• $summary_{type}$: application
• $word_{count}$: 170

Forward bias (positive to p, negative to n) reduces the barrier: $V_{eff}$ = $V_0$ - $V_{ext}$. Depletion narrows, majority carriers cross the junction, current rises exponentially: I = $I_0$(e^$\frac{eV}{nkT}$ - 1). The threshold voltage (~0.7 V Si, ~0.3 V Ge) is where significant current begins. Dynamic resistance $r_d$ = $\frac{nkT}{eI}$ — very low at operating point.
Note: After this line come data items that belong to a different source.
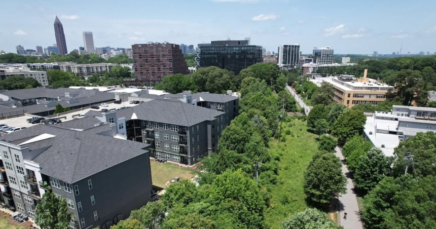 An aerial photo shows dense trees along the Beltline’s Southwest Trail on Thursday, March 12, 2026. (Hyosub Shin/AJC)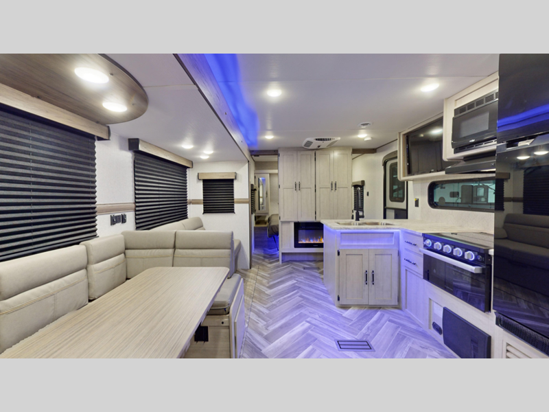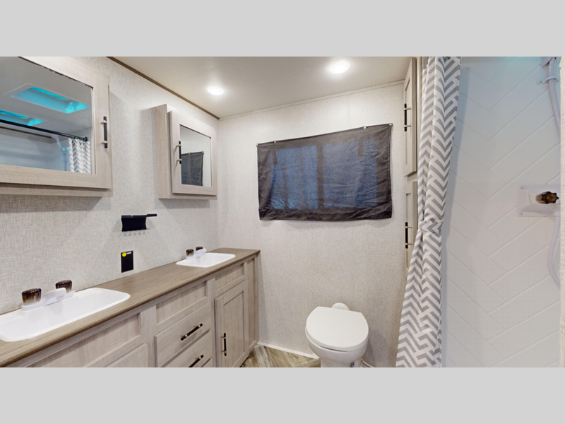 Sleeps 5 Slides 2 Length 33 ft 8 in Ext Height 11 ft 4 in Int Height 6 ft 9 in Hitch Weight 802 lbs Dry Weight 7550 lbs Cargo Capacity 2050 lbs Fresh Water Capacity 45 gals Grey Water Capacity 42 gals Black Water Capacity 42 gals Available Beds RV Queen Refrigerator Type 12 Volt Refrigerator Size 10 cu ft Cooktop Burners 3 Shower Size 34" LP Tank Capacity 20 lbs TV Info LR 39" TV Axle Count 2 Number of LP Tanks 2 Shower Type Radius Similar Floorplans
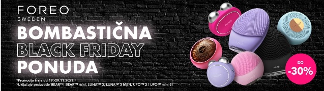 FOREO otkriva odličnu ponudu za Black Friday 2021. – uz nevjerojatne popuste do 30% na legendarne beauty tech uređaje u kojima uživaju brojne svjetske zvijezde, po posebnim cijenama će se moći kupiti i uređaji najnovije generacije uključujući LUNA 3, UFO 2 i BEAR! Ne propustite ovaj Black Friday u znaku napredne tehnologije!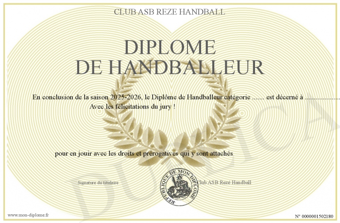 Envoyez par email votre Diplôme de Handballeur personalisé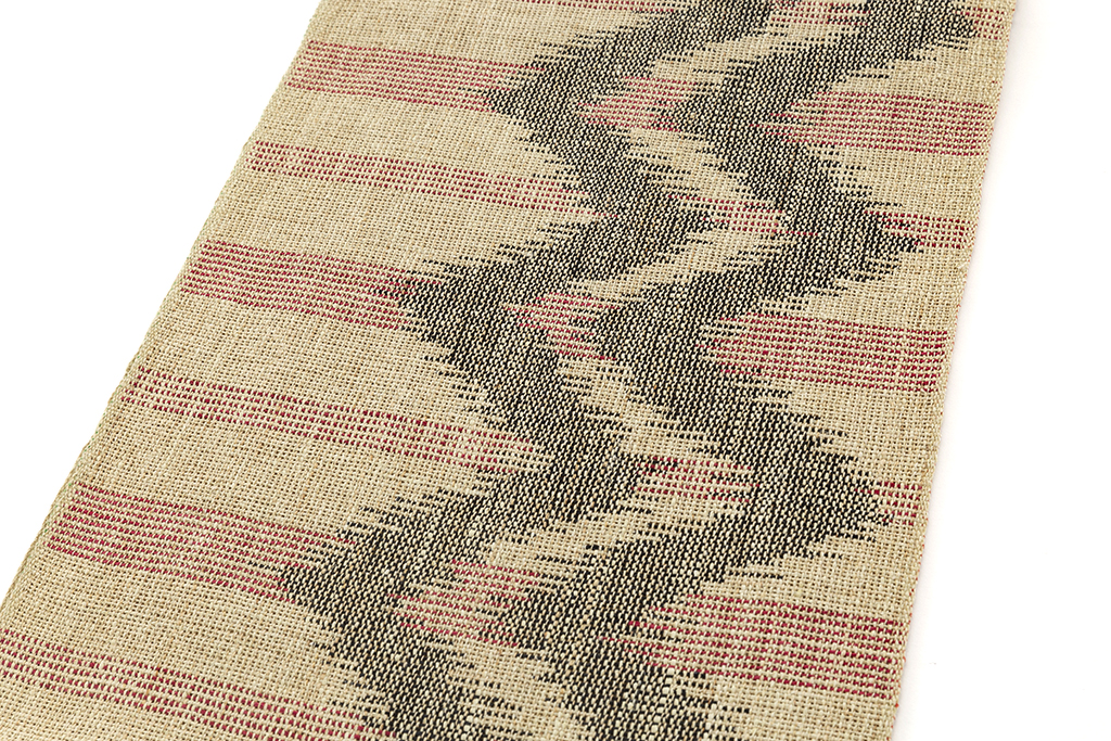 蒸栗色のお色に、赤や墨で横段や流れる幾何文様を織り出した、藤の花の美しさを連想させる微かに紫がかった色合い、藤の繊維の柔らかみがしっとりと優しい手触りを生む、藤布 八寸名古屋帯です。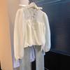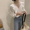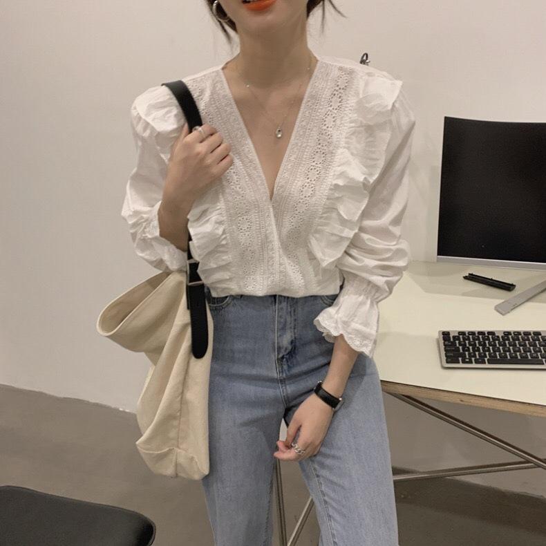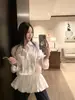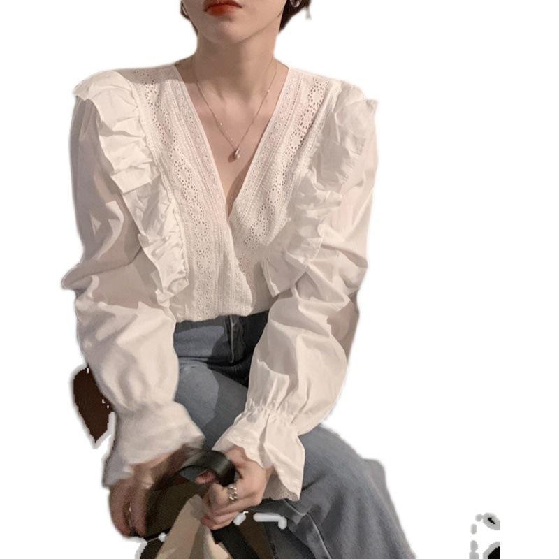 Camisa Estilo Palacio para Mujer Primavera y Otoño 2023 Coreana Diseño con Volantes de Hongo Sensación de Diseño Encaje Cosido Cuello Francés Top
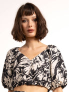 This Cade Top is made with a unique woodblock design and features a beautiful floral pattern. The bubble cropped style adds a touch of playfulness to any outfit. Made with quality materials, this top is perfect for any occasion.
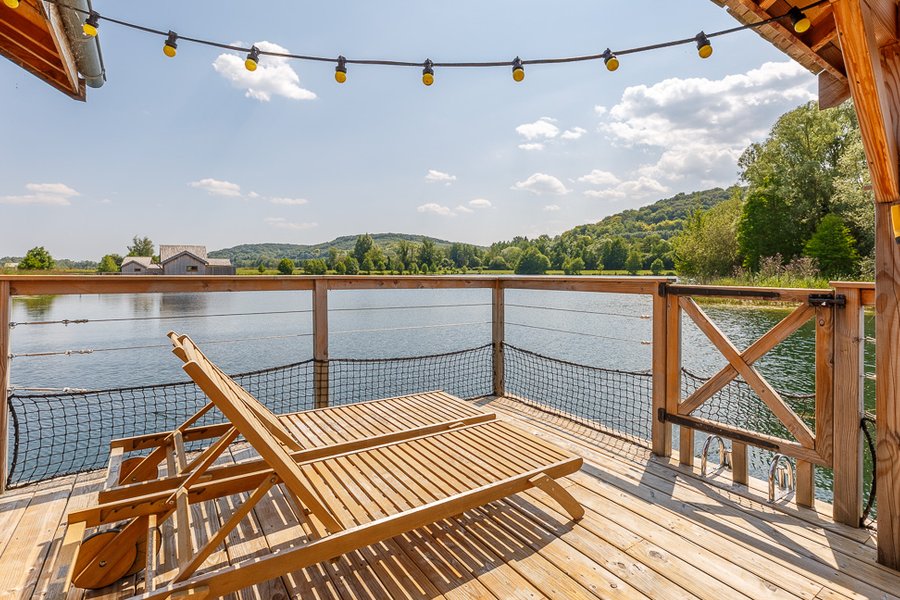 Perché au-dessus de l'eau, l'hébergement Goutte d'eau vous propose de vivre un séjour unique en famille , en pleine nature.
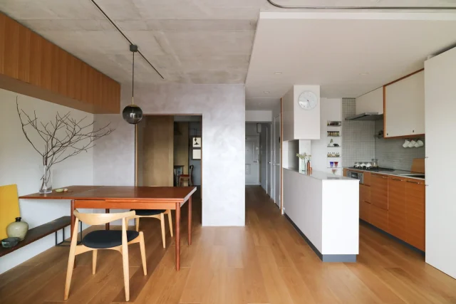 建築家の田中晴代さんの自邸は、結婚後に購入しリノベーションしたマンションの一室だ。この家で暮らして8年、家族構成や働き方が変化していく中でこうしておけばよかったと感じる点がひとつもないという。このおおらかさはどのように生まれたのだろうか。東京都墨田区 / DOMA+(土間と)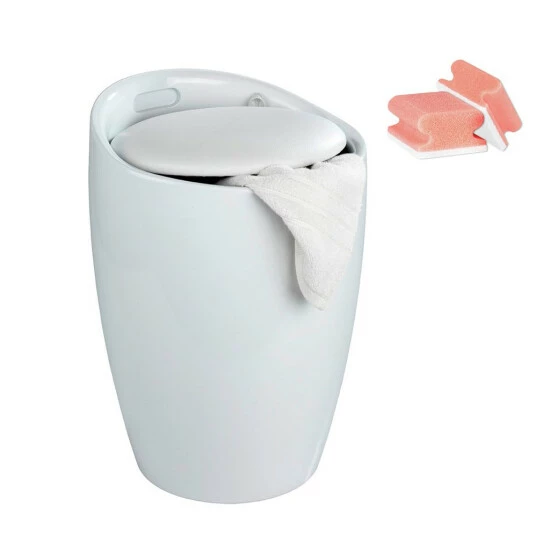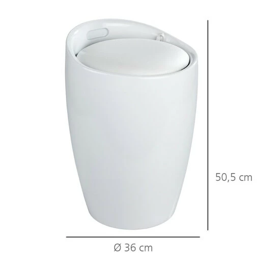 Der trendige Badhocker und Wäschesammler Candy ist aus stabilem ABS-Kunststoff gefertigt. Mit seinem klassischen Weiß wird das moderne Accessoire zum Hingucker in jedem Bad.
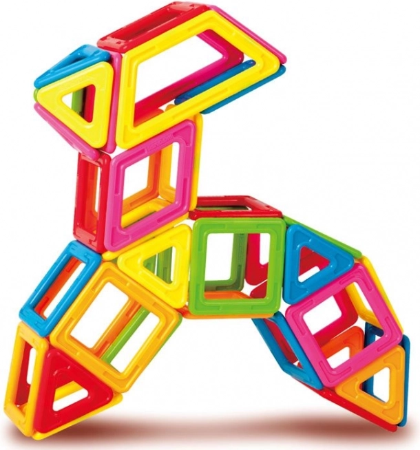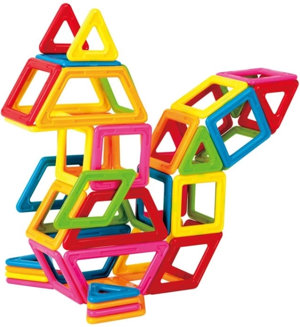 Dette kreative magnetiske byggesæt til børn kombinerer 2D-polygoner til imponerende 3D-modeller. I pakken får du 24× kvadrat, 12× trekant, 6× rombe, 6× trapez og 6× rektangel, så du nemt kan bygge huse og grundlæggende geometriske legemer. Vejledningskort hjælper med de første skridt og inspirerer til flere kombinationer.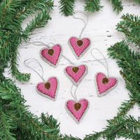 Six Heart-Shaped Beaded Ornaments from India 'Beaded Hearts' Item ID: 2669892198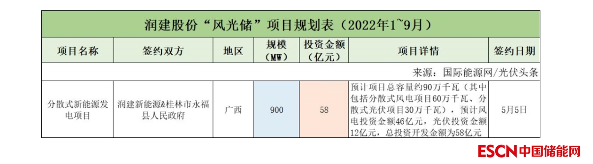 截至2022年9月30日,潤建股份共簽約(規(guī)劃)1個(gè)風(fēng)光儲項(xiàng)目,項(xiàng)目規(guī)模為900MW,投資金額為58億元。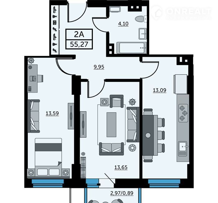 Общая площадь 55.5 м2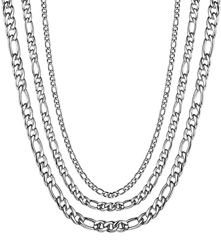 BESTEEL Gioielli in Acciaio Inossidabile 3 PCS Collana Uomo Donna Catena di Figaro Collane Lunghe 51-71cm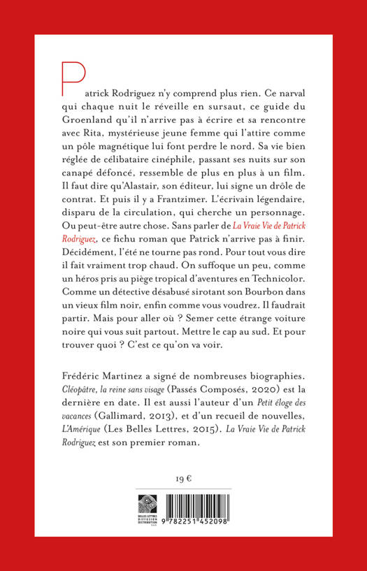 Patrick Rodriguez n'y comprend plus rien. Ce narval qui chaque nuit le reveille en sursaut, ce guide du Groenland qu'il n'arrive pas a ecrire et sa rencontre avec Rita, mysterieuse jeune femme qui l'attire comme un pole magnetique lui font perdre le nord. Sa vie bien reglee de celibataire cinephile, passant ses nuits sur son canape defonce, ressemble de plus en plus a un film. Il faut dire qu'Alastair, son editeur, lui signe un drole de contrat. Et puis il y a Frantzimer. L'ecrivain legendaire, disparu de la circulation, qui cherche un personnage. Ou peut-etre autre chose. Sans parler de La Vraie Vie de Patrick Rodriguez, ce fichu roman que Patrick n'arrive pas a finir. Decidement, l'ete ne tourne pas rond. Pour tout vous dire il fait vraiment trop chaud. On suffoque un peu, comme un heros pris au piege tropical d'aventures en Technicolor. Comme un detective desabuse sirotant son Bourbon dans un vieux film noir, enfin comme vous voudrez. Il faudrait partir. Mais pour aller ou ? Semer cette etrange voiture noire qui vous suit partout. Mettre le cap au sud. Et pour trouver quoi ? C'est ce qu'on va voir.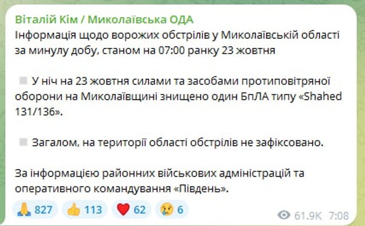 Як повідомив зранку 23 жовтня голова Миколаївської ОВА Віталій Кім, у ніч проти 23 жовтня силами та засобами протиповітряної оборони на Миколаївщині знищено один БпЛА типу "Shahed 131/136".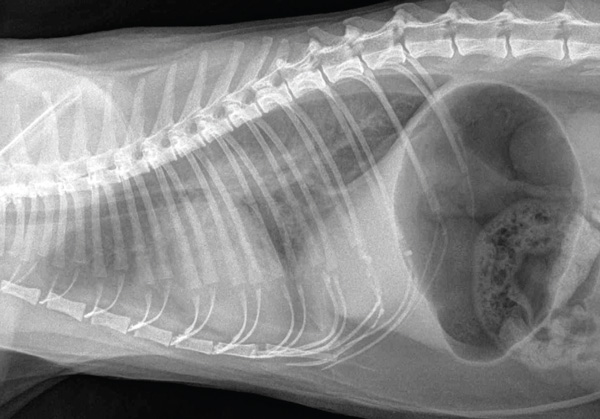 Further diagnostics should only occur when the patient is more stable. Radiography is crucial in assessing a patient with respiratory signs but should only be performed when the patients are more stable and it is possible to get a full three view chest series (dorsoventral, right and left lateral). All three views are required for a complete assessment of respiratory system. Conditions such as aspiration pneumonia may only be seen on a single lateral radiograph. It is important to remember that cardiomegaly is not always apparent on radiographs in cats and, therefore, it is necessary to rely on evidence of pulmonary venous congestion alongside an alveolar pattern to help make a diagnosis of congestive heart failure (Figure 8).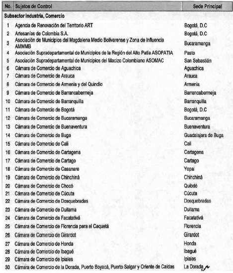 ARTÍCULO 3o. CONTRALORÍA DELEGADA PARA EL SECTOR COMERCIO Y DESARROLLO REGIONAL. <Resolución derogada por el artículo 30 de la Resolución REG-EJE-0073 de 2020> La Contraloría Delegada para el Sector Comercio y Desarrollo Regional será competente para ejercer la vigilancia y el control fiscal a los siguientes sujetos de control:

Reverse bias (positive to n, negative to p) increases the barrier: $V_{eff}$ = $V_0$ + $V_{ext}$. Depletion widens, only minority carriers (thermally generated) contribute a tiny saturation current $I_0$ (~nA for Si). Current is nearly voltage-independent until breakdown. Zener breakdown occurs in thin junctions (heavy doping): strong field ionizes covalent bonds. Avalanche breakdown occurs in thick junctions: accelerated carriers cause impact ionization cascade. The diode equation I = $I_0$(e^$\frac{eV}{nkT}$ - 1) describes both regions: positive V gives exponential forward current, negative V gives -$I_0$ (saturation). At room temperature, eV/kT ≈ V/0.026.